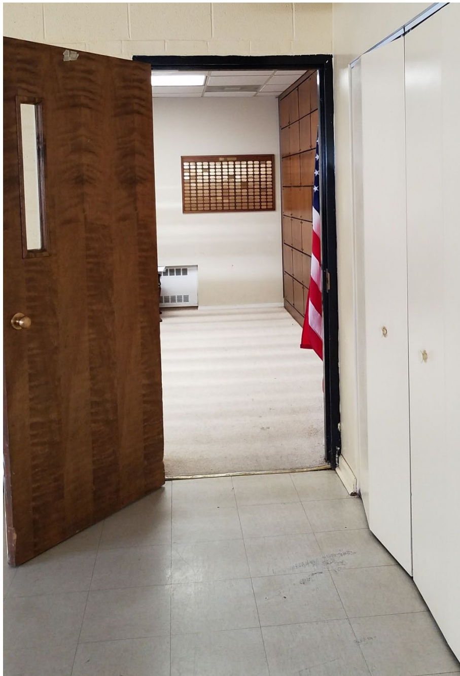
2. Entrance to St. Francis Room with columbarium
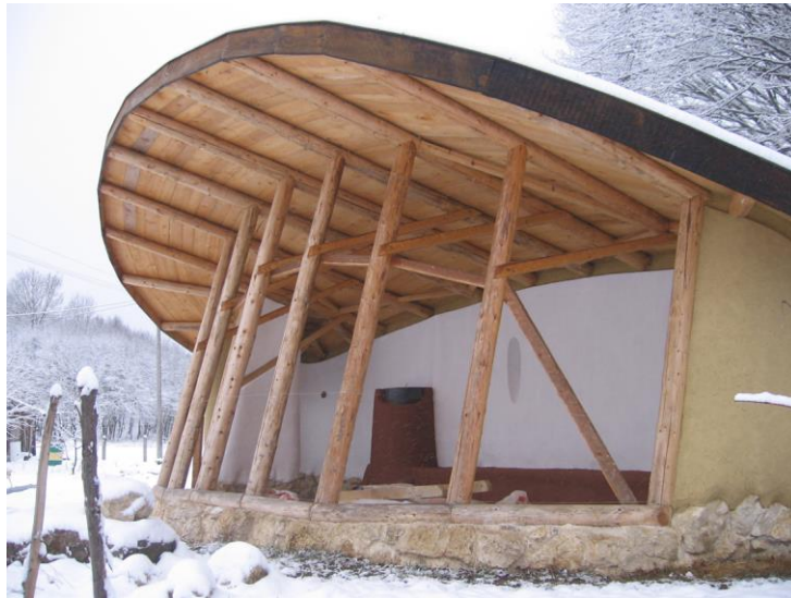
Fig. 8 Experimental and exhibitory building in Prijakovci, Banja Luka, Bosnia and Herzegovina. Picture displays general structure and combination of load bearing wall and timber frame - before completion with glazing on the southern façade.

The building plan is comprised of two semi-ellipses (with outer perimeter axes of 9 and 4,5 meters). Foundations of compacted river-gravel support stem wall constructed of stone laid in lime mortar. Load bearing walls (one curvilinear continuous wall) include cob (in ratios of sand to clay soil of 3:1 and triticale straw ‘to taste’ [60] and cob combined with straw-bales (‘bale-cob’ [61]). Smaller infill elements were constructed in technique of light clay straw [62] and sand-clay-straw renders include 1/3 cow dung. Southern wall (completely glazed) employs a round-wood timber frame made of spruce ( Picea abies ) and protected with pine-tar. Extensive green roof (with mostly Sedum and Sempervivum species currently establishing in 5 cm of local soil) rests on low-cost (although robust) HDPE membrane.
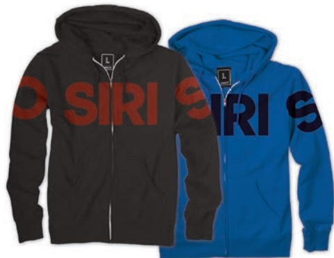
96 MK681 A118 BLK / RED A195 RYL

8.5 OZ. Pre-Laundered 80% Cotton 20% Polyester Blend Fleece 100% Cotton 40 Single Face Yarn For Supreme Printability & Softness Split Stitch Double Needle Sewing On All Seams, Twill Neck Tape
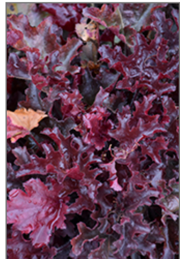
Dolce Cherry Truffles Coral Bells foliage
________________________________________
No pictures belong in the copy. Repeat the listing above exactly.

2. Entrance to St. Francis Room with columbarium
Fig. 8 Experimental and exhibitory building in Prijakovci, Banja Luka, Bosnia and Herzegovina. Picture displays general structure and combination of load bearing wall and timber frame - before completion with glazing on the southern façade.

The building plan is comprised of two semi-ellipses (with outer perimeter axes of 9 and 4,5 meters). Foundations of compacted river-gravel support stem wall constructed of stone laid in lime mortar. Load bearing walls (one curvilinear continuous wall) include cob (in ratios of sand to clay soil of 3:1 and triticale straw ‘to taste’ [60] and cob combined with straw-bales (‘bale-cob’ [61]). Smaller infill elements were constructed in technique of light clay straw [62] and sand-clay-straw renders include 1/3 cow dung. Southern wall (completely glazed) employs a round-wood timber frame made of spruce ( Picea abies ) and protected with pine-tar. Extensive green roof (with mostly Sedum and Sempervivum species currently establishing in 5 cm of local soil) rests on low-cost (although robust) HDPE membrane.
96 MK681 A118 BLK / RED A195 RYL

8.5 OZ. Pre-Laundered 80% Cotton 20% Polyester Blend Fleece 100% Cotton 40 Single Face Yarn For Supreme Printability & Softness Split Stitch Double Needle Sewing On All Seams, Twill Neck Tape
Dolce Cherry Truffles Coral Bells foliage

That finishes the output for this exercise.